True, but unless Drudge later posts that it was a bogus poll, it will be seen by millions that Ron Paul has legitimacy to run against Barack Obama.

----------


## AuH20

Numbers aren't that far fetched. Paul could pull 1 out of every 5 democratic voters.  Factor in another 1/3 (paleo/libertarian segment) of our every republican voter. And we're not even starting about independents.

----------


## Epic

Is this gonna be a reputable poll (like Gallup, Rasmussen, PPP, CBS, FoxNews, ABC... or something nobody has heard of... that is the question)

CNN just had a poll come out yesterday saying that Obama is up 8-13 points vs. all the main candidates.
(http://i2.cdn.turner.com/cnn/2010/im...4/13/rel7d.pdf)

----------


## radiofriendly

someone make a screenshot now (prntscrn)
http://www.drudgereport.com/

----------


## Bruno

> Is this gonna be a reputable poll (like Gallup, Rasmussen, PPP, CBS, FoxNews, ABC... or something nobody has heard of... that is the question)
> 
> CNN just had a poll come out yesterday saying that Obama is up at least 10 points vs. all the _main_ candidates.
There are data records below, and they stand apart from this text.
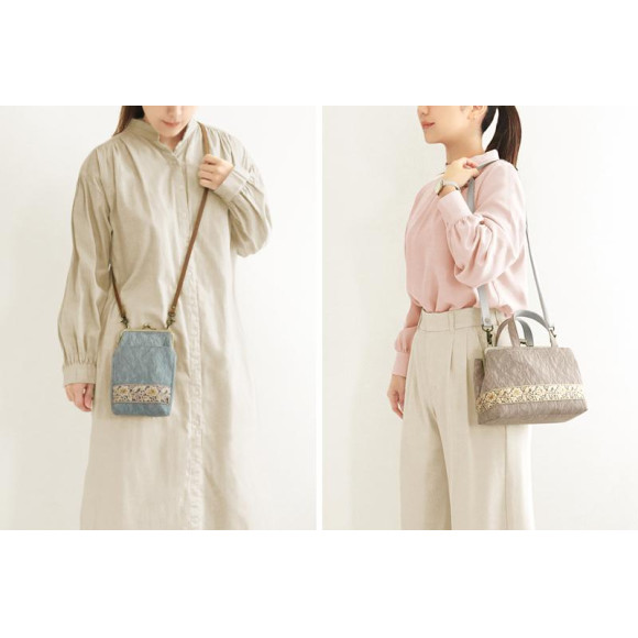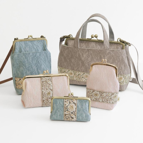 バッグアイテムは、人気のお散歩ポシェットと新型『がま口手提げ&ショルダー』ご用意しました。※『がま口手提げ&ショルダー』は、ブルー・ベージュの2色展開です。
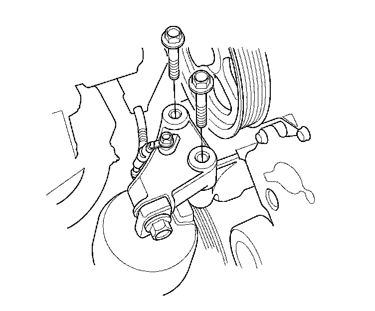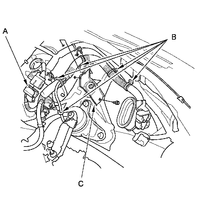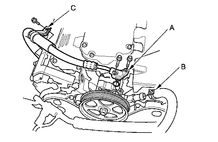 19. Disconnect the power steering pump outlet line (A) and the power steering pump inlet line (B) from the power steering pump and remove the power steering hose bracket (C), then plug the lines and the power steering pump.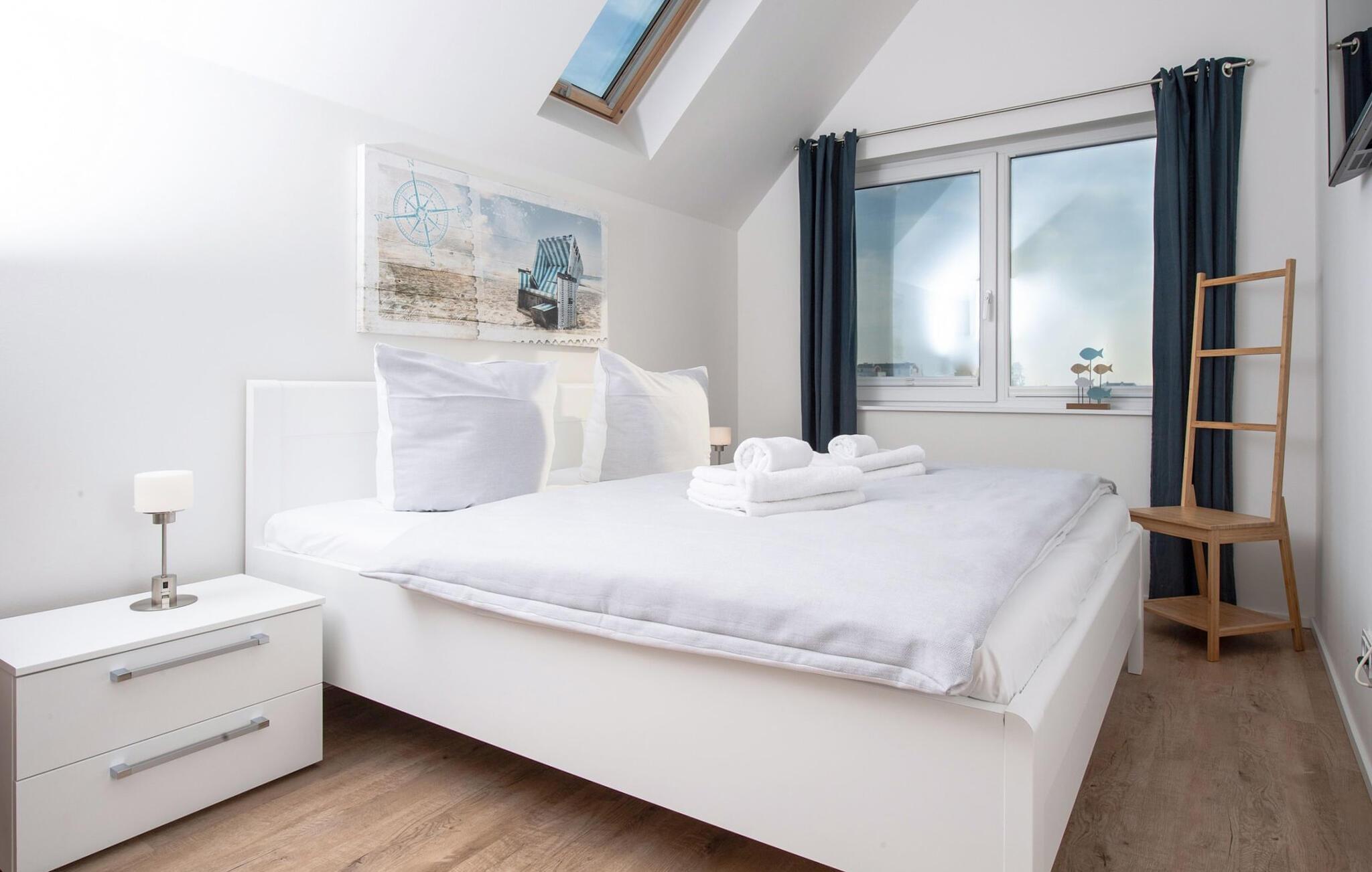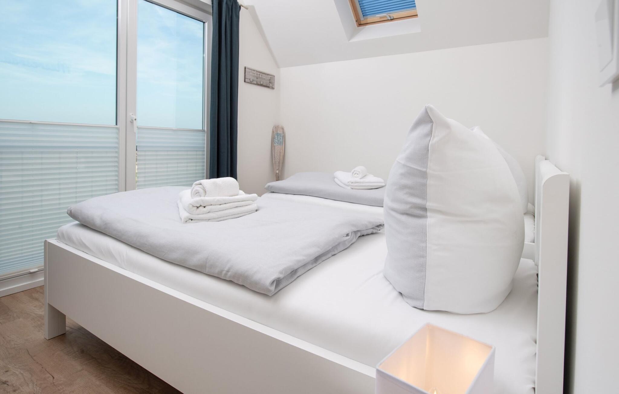Ferieboligens afslapningsområde er på anden etage. Det store soveværelse har en fantastisk udsigt over havnen fra den hyggelige dobbeltseng. Fald i søvn under stjernerne, et ovenlys giver jer ikke kun mulighed for at se stjernehimlen, men også de drømmeagtige skyformationer, der er så karakteristiske for norden. Det andet soveværelse har to enkeltsenge, der kan skubbes sammen med udsigt over flodmundingen. I stuen er der en komfortabel sovesofa med en rigtig springmadras til to personer.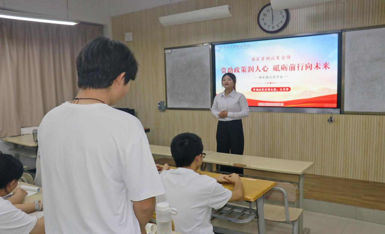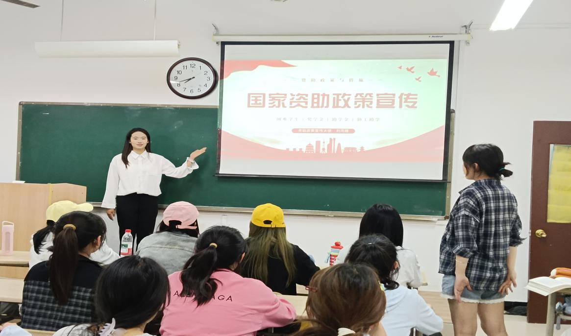 为进一步加大学生资助政策宣传力度,更好发挥优秀学子的示范引领作用,强化受助学生的感恩意识,切实提高资助宣传工作质量和资助育人实效,确保每一位有需要的同学都能了解并享受到相应的资助。人文学院资助宣传大使王月华、刘雨晴、孙奕佟、杜蕾蕾分别于2025年4月17日-4月24日,通过对受助学生、学生干部、在学生宿舍等实地开展了4场宣讲活动,覆盖学院700余人。
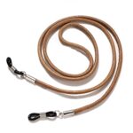 牛革製の男女兼用眼鏡チェーン。サングラスや老眼鏡にも対応したメガネストラップ。カーキ色のデザインで、ファッション性と機能性を兼ね備えています。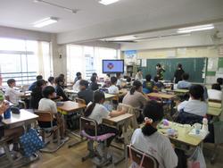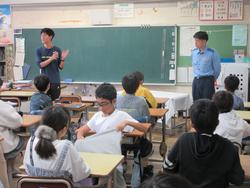 不審者役の警察の方が侵入した教室に、話をしに来てくださいました。 子ども達も、ほっと安心したようです。 子ども達にとっても教員にとっても、有意義な訓練となりました。 |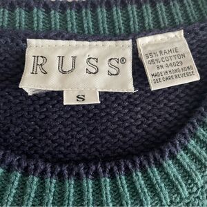 Deadstock Vintage Russ Sweater Vest with Grapes. Green & blue color way with ribbed knit neckline, shoulder cuffs, & hemline. Embroidered x motif across the chest with an argyle type design & bunches of grapes at the bottom. Pullover design. Size small. Approximate measurements lying flat: 17.5” from pit to pit & 24” length from shoulder to hem. Bundle to maximize shipping!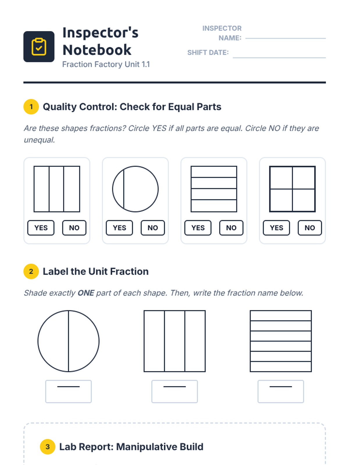 A student worksheet for identifying and naming unit fractions, designed with a 'Fraction Factory' theme. Includes sections for identifying equal parts, shading unit fractions, and reporting on manipulative work.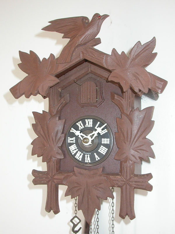 Tiny German Black Forest Quiet Cuckoo Clock - t0599 This attractive tiny weight driven cuckoo clock was made in the Black Forest area of Germany in the 1960-70s. The movement is original and has been completely overhauled and restored to great working condition. The clock is a time only movement with only the carved bird above the dial. It measures 6 inches by 3.5 inches by 8 inches high. Price: $100.00Cdn Contact us |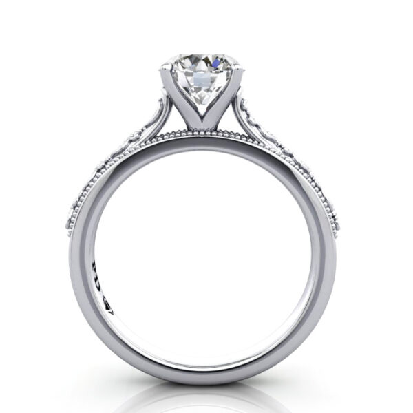 Our Round Brilliant Cut Vintage Diamond Ring RV2 in luxurious Platinum is a stunning and detailed ring style with filigree on top of the band. Complete the pricing by selecting a suitable Natural or Lab-Grown diamond. Match your budget, quality and carat weight to suit your needs. Having selected, proceed to checkout or contact us for service and friendly advice.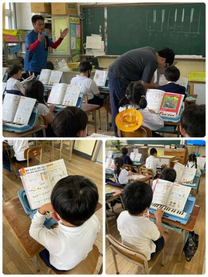 先生の かっこうの歌の声に負けないように 頑張って演奏しています。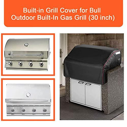 QuliMetal 30 Inch Built–in Grill Cover for Bull Gas Grills - Outdoor Products BBQ Grill Top Cover Replace for Bull 45005 Grill Head Cover with Elastic Hem, Waterproof & Windproof, 600D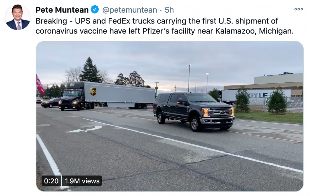 U.K. Approves Pfizer Coronavirus Vaccine was the big headline earlier this week. “First to be vaccinated will be doctors and nurses in the country’s National Health Service, along with nursing home workers and people 80 and over with previously scheduled doctors’ appointments… Eventually, people will get their shots in mass vaccination centers being set up by the military at soccer stadiums and racecourses, or at doctors’ offices and pharmacies.”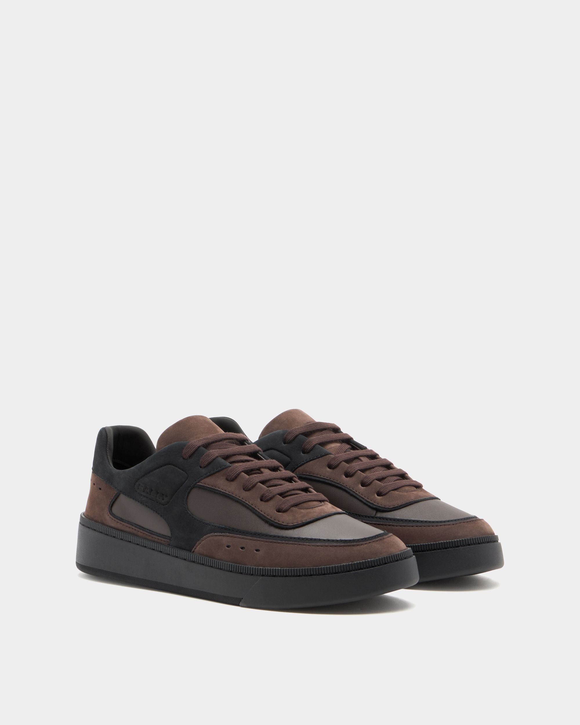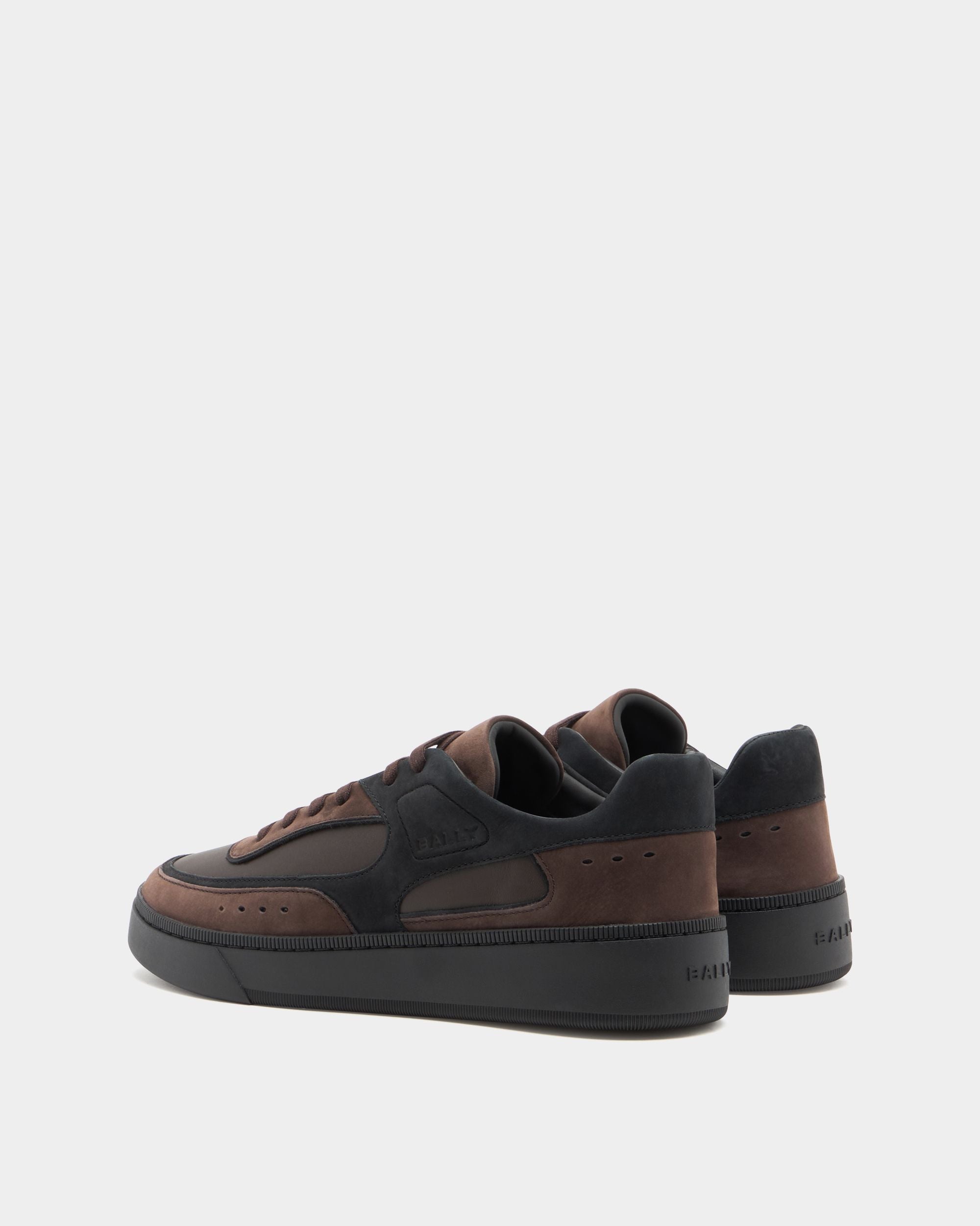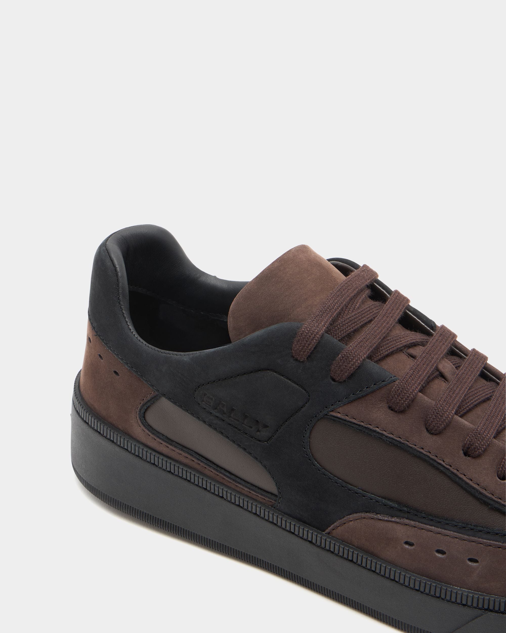 This Raise sneaker in Ebano and black nubuck is characterized by a comfortable and contemporary raised sole. Debossed Bally signifiers – the logo and Crest – embellish the side. tongue and heel for an iconic finish.

Maybe that is the difference.  Was Ron Paul in that poll?

----------


## easycougar

I just about passed out when I saw this

----------


## Lafayette

Careful, the poll may be worded something like " who is  weaker on foreign policy?" 

or

" If you were a terrorist, who would you pick as US president?"

Some bull$#@! like that.

----------


## Thrashertm

It doesn't matter if the poll is reputable or not - all that matters is that millions of conservatives are seeing the headline.

Remember - the news media often puts some BS on the front page, then issues a retraction weeks later on page 15. All that matters is the headline.

----------


## specsaregood

> Is this gonna be a reputable poll (like Gallup, Rasmussen, PPP, CBS, FoxNews, ABC... or something nobody has heard of... that is the question)
> 
> CNN just had a poll come out yesterday saying that Obama is up at least 10 points vs. all the main candidates.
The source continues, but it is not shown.